Q: But you do have competition.
There is competition. Simply speaking the most obvious competitors are existing CDNs (define) like Akamai or Level 3 that look at the mobile device as another Internet terminal. There are a few others in the market like Real Networks.
Q: So what’s Ortiva’s difference? Is it an emphasis on the quality of content delivery?
That’s a big part, but not all of it. Another part is a key fundamental belief I have that you can’t be successful by repurposing Internet toolsets for mobile. The environment is much more hostile than wired environments; the tools won’t work well. You have to look at the problem fundamentally different.
A lot of the solutions out there try to adapt to changes in bandwidth but they do so in a clumsy manner that can take 20 seconds or so [to resolve]. Carriers are excited with our solution, because we deliver a much better experience that’s more predictable with less bandwidth.
Q: So do you see a fairly rapid adoption of video on mobile devices?
Today people are more used to mobile for so many other things. And your mobile device is with you all the time. An interesting stat I’ve seen is that people notice their mobile device is missing far sooner than they’ll notice their wallet is missing. I think mobile phones are a natural extension of how we get video elsewhere.
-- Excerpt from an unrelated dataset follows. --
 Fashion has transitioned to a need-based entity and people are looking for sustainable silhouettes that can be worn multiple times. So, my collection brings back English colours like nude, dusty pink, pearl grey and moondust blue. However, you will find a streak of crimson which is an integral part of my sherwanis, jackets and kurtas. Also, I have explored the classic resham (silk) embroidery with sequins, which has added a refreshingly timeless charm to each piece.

I use Google Maps on my BlackBerry; two years ago I had to have my secretary print out directions. I think video delivery on mobile will come along as another solution we will take for granted.
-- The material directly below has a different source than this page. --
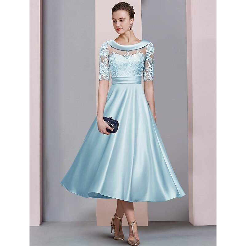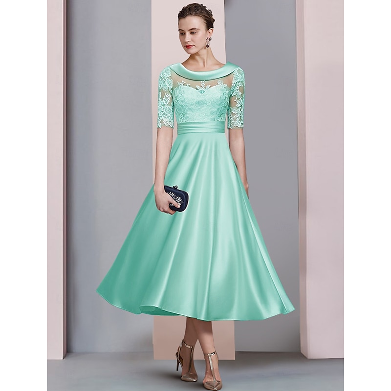 More information about A-Line Gold Mother of the Bride Dress Wedding Guest Elegant Vintage Scoop Neck Tea Length Satin Lace Half Sleeve with Ruched Appliques

Q: For what kinds of things?
The idea that what I do on my PC I’ll do on a mobile device has currency, but it’s not the whole story. What would you do if you could get reliable data delivery to a handset? How can I provide interactive delivery? And how do I target advertising so it relates to what you’re watching when? Ortiva has built mobile tools to help bring these ideas to reality.
Q: Is this technology strictly a consumer play or do you see applications and value for the business customer?
I definitely think we’ll see more interest from business in the long term, but near term it’s for the consumer market. We’re an enabling technology. I don’t expect consumers to know us. We’re a content distribution network built for mobile and that’s far different than the wired Internet. We don’t need as many nodes and we’re not limited by the speed of the connection.
Q: What’s been the reaction of the phone carriers?
We did a demo for a large carrier, and on two separate occasions they wanted to look at the phone because they thought there was an extra chip in it. They couldn’t believe the quality.
We’re fundamentally different under a wide variety of conditions. Showing great performance outside a [transmitting] tower isn’t reality. When you’re in a car, you start a session in one signal and it moves and changes. The elasticity we provide to isolate the user is unmatched. It’s like what shock absorbers do for your car.
Q: Will Europe and much of Asia continue to be at the leading edge in mobile technology adoption ahead of the U.S.?
As people become used to using mobile devices for other things, the gap will close quite quickly. E-mail and Google Maps are a great example of mobile apps that weren’t there a few years ago.
Q: What’s your take on Apple’s iPhone?
I have never seen one, but I think it’s great for the market to have a device that provides a richer experience because I think it will lead people to start to expect more from their phone than they do today.
When they start thinking of the phone as a truly interactive device, and all that implies, that’s good.